For our model, the genomic data nomenclature we adopted: the systematized Nomenclature of Medicine, Clinical Terms, for diseases and qualifier values; the Human Genome Variation Society mut-nomen syntax, for mutation names and locations; the Consensus Coding Sequence representation, for genomic regions; and the Human Genome Organization Gene Nomenclature Committee (HGNC a.k.a. HUGO) symbols and identifiers, for common gene names. This is the same as SMART on FIHR, which is expanding its landscape.
Great @Vojtech_Huser
My database only contains targeted NGS and focuses on the somatic mutation in cancer patients.

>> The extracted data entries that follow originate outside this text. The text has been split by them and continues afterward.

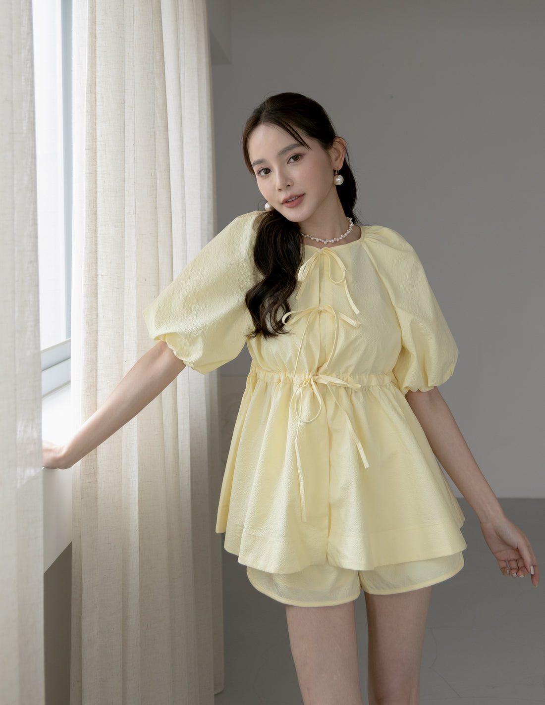 Information Partially lined Self-tie ribbon Drawstring waist (top) Elasticised waist (shorts) Side pockets (shorts) Also...
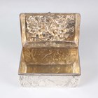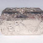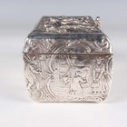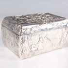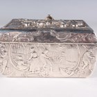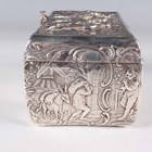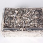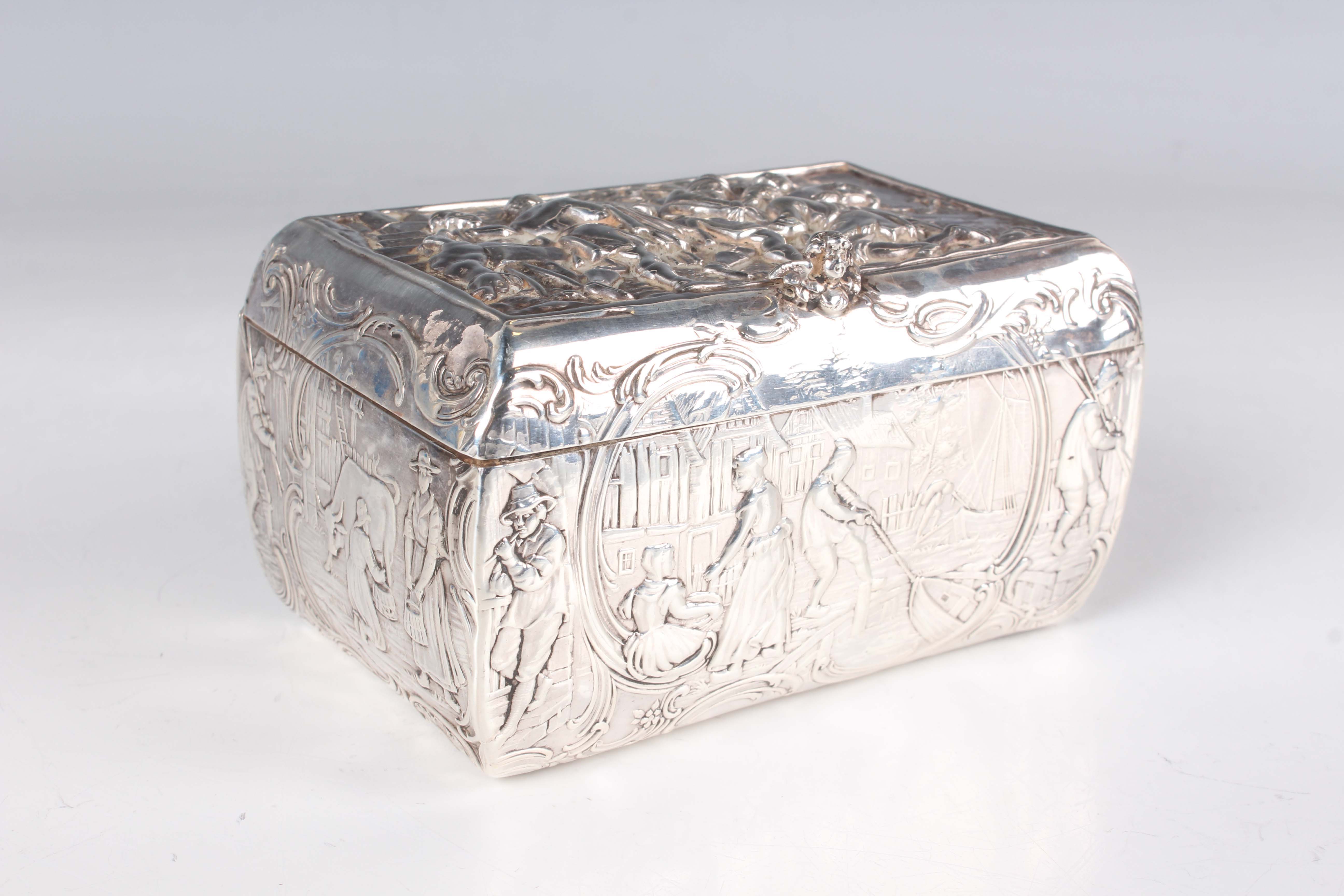 A Dutch silver trinket box of rectangular form, the hinged lid embossed with a figural scene and castle beyond, the sides decorated with rural scenes of boats, figures, farm animals and dwellings, weight 200.6g, length 11.5cm, height 6.3cm.
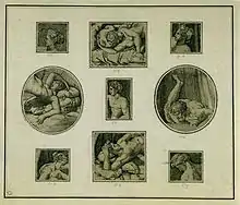 The original edition was created by the engraver Marcantonio Raimondi, basing his sixteen images of sexual positions on, according to the traditional view, a series of erotic paintings that Giulio Romano was doing as a commission for Federico II Gonzaga’s new Palazzo Te in Mantua.[3] Marcantonio had worked extensively with Romano's master Raphael, who had died in 1520, producing prints to his design. The engravings were published by Marcantonio in 1524, and led to his imprisonment by Pope Clement VII and the destruction of all copies of the illustrations. Romano did not become aware of the engravings until the poet Pietro Aretino came to see the original paintings while Romano was still working on them. Romano was not prosecuted since—unlike Marcantonio—his images were not intended for public consumption. Aretino then composed sixteen explicit[4] sonnets to accompany the paintings/engravings, and secured Marcantonio's release from prison.
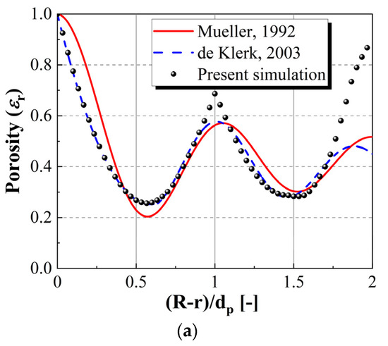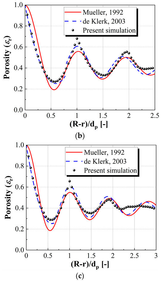 Comparison between simulation results and empirical correlations from Mueller [50] and de Klerk [51] on radial porosity distribution: (a) PB−4; (b) PB−5; (c) PB−6.
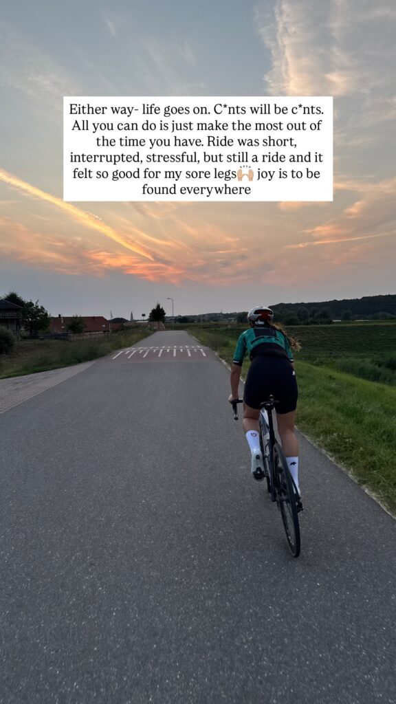 Ondanks alles probeert de 27-jarige wielrenster Puck Moonen positief te blijven. In haar Instagram-posts deelt ze niet alleen het voorval, maar ook haar persoonlijke reflectie. Ze noemt de rit stressvol en kort, maar wel waardevol: “It felt so good for my sore legs. Joy is to be found everywhere.”
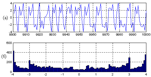 Рис.13. a = 4. Сигнал в установившемся режиме (а) и его гистограмма (б)
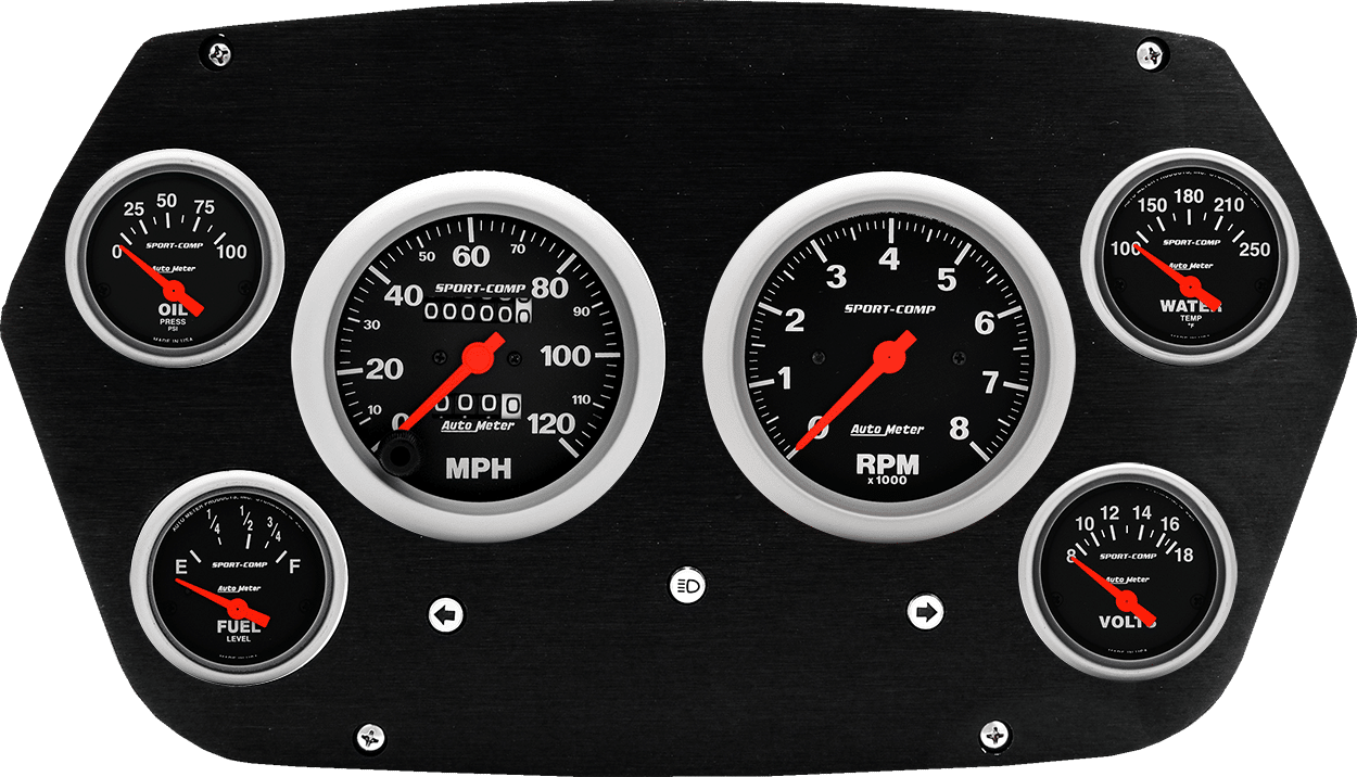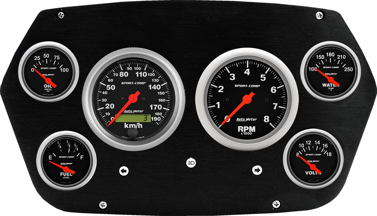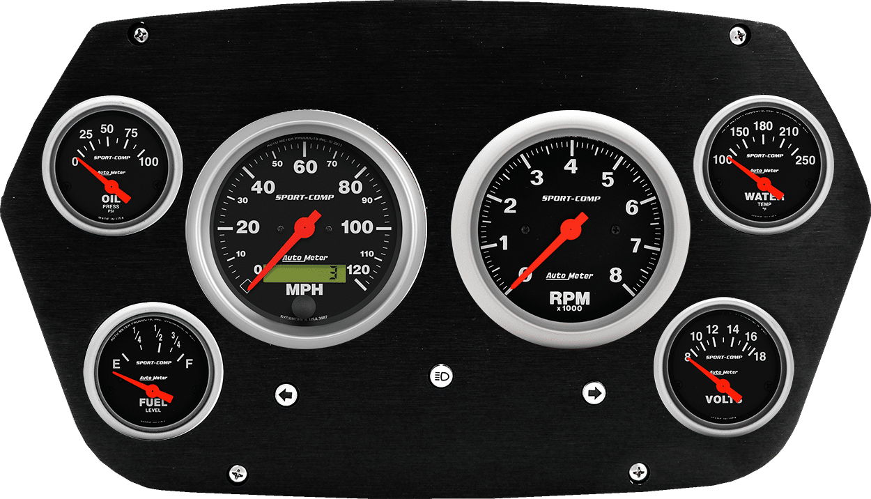 Includes aluminum gauge panel, Auto Meter Sport-Comp gauges, & LED lights (turn signal & high beam indicators).
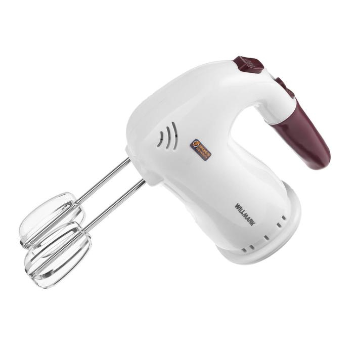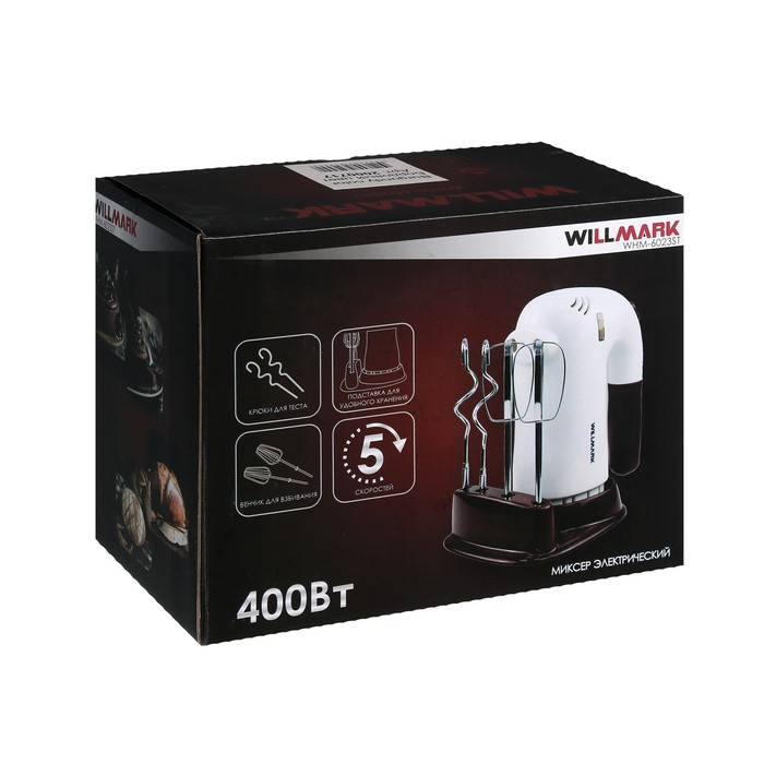 Миксер WILLMARK WHM-6023ST, ручной, 400 Вт, 5 скоростей, 2 насадки, подставка бордо
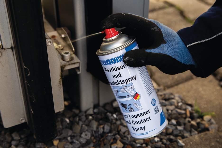 El Spray Aflojatodo WEICON es imprescindible para la reparación, conservación y mantenimiento, debido a su efecto séxtuple. Gracias a sus excelentes propiedades de penetración, el Spray Aflojatodo penetra incluso en los intersticios más pequeños. Con la válvula rociadora de tres vías es posible trabajar en cualquiera posición (incluso por encima de la cabeza). El Spray Aflojatodo WEICON afloja componentes, uniones atornilladas, pernos, articulaciones y bisagras bloqueados por el óxido o duros de mover, repele al agua de sistemas de encendido, asegura el funcionamiento de piezas mecánicas y contactos, por ejemplo, en las tapas de distribuidor y en las bujías de encendido, protege duraderamente contra la corrosión y el óxido, lubrica duraderamente las superficies de deslizamiento, conserva y limpia superficies metálicas, piezas mecánicas e instalaciones
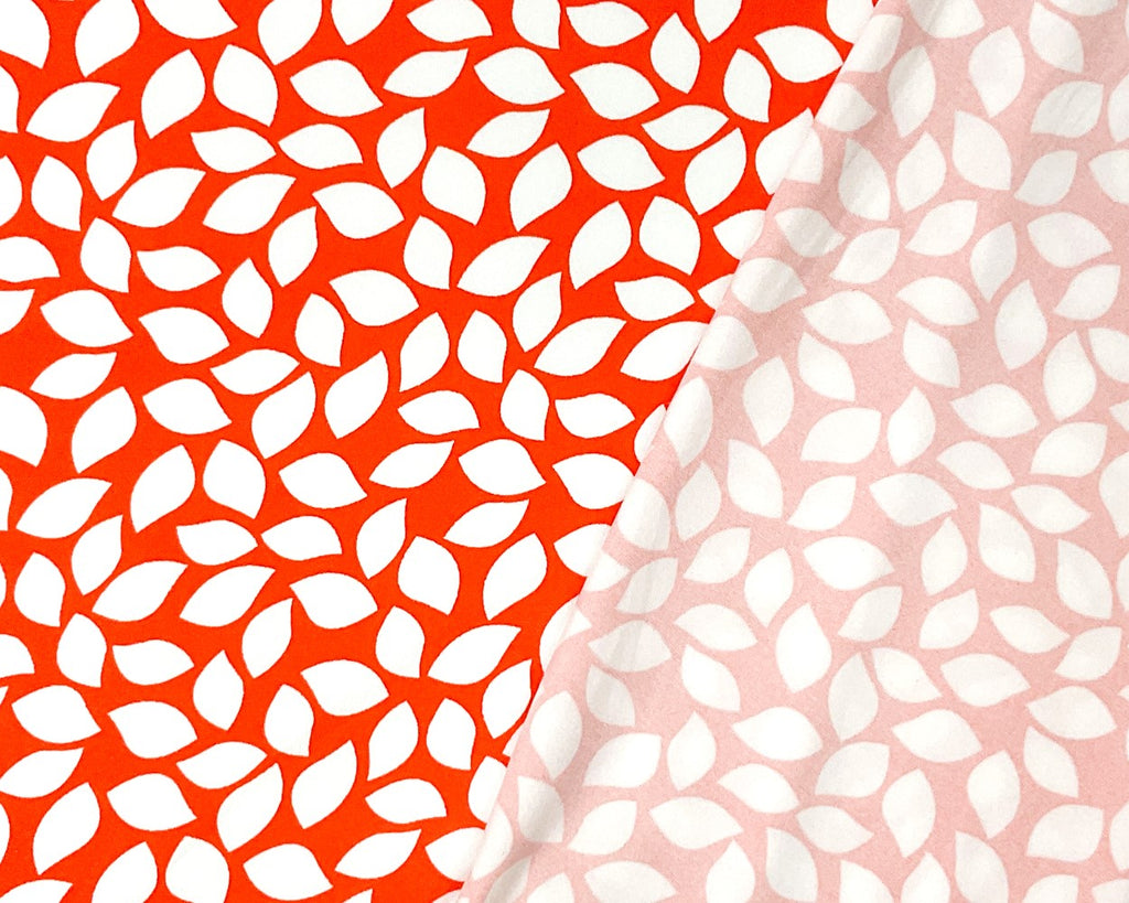 Orange-White Poly Stretch Spandex Petal Print DB Jersey Knit Fabric

The whole exome sequencing data in general population can add diversity to our database pool and discussion.
Also, it would be very useful to investigate how many variants or genetic notation we need to standardize as @Christian_Reich suggested yesterday.
The paper published from NEJM yesterday can be another use-case and exemplary study, which integrated EHR and genomic data.
They used exome sequence data and electronic health records from 46,544 participants in the DiscovEHR human genetics study to identify genetic variants associated with serum levels of alanine aminotransferase (ALT) and aspartate aminotransferase (AST).
By this, they found that a loss-of-function variant in HSD17B13 was associated with a reduced risk of chronic liver disease and of progression from steatosis to steatohepatitis.
Current G-CDM model support to conduct this study.
Wonderful, @Vojtech_Huser
Could we find the ‘targeted NGS’ in LOINC? or we need to propose again like you did?
As you can see in wiki or the specification document, current G-CDM can capture the when the sequencing was done with which sequencing machine and sequencing pipelines and the quality score of sequencing or specimen (in the ‘sequencing’ table).
@SCYou and @clairblacketer , Are there any future plans to collaborate with GENIE project for integrating clinical-grade cancer genomic data into OMOP dictionary? I think, this will be very useful for cancer research studies.
We have discussed this as one of the goals for the Oncology Genomic WG. Would be great to hear your thoughts/proposal on how we can initiate this as a part of the WG ongoing activities.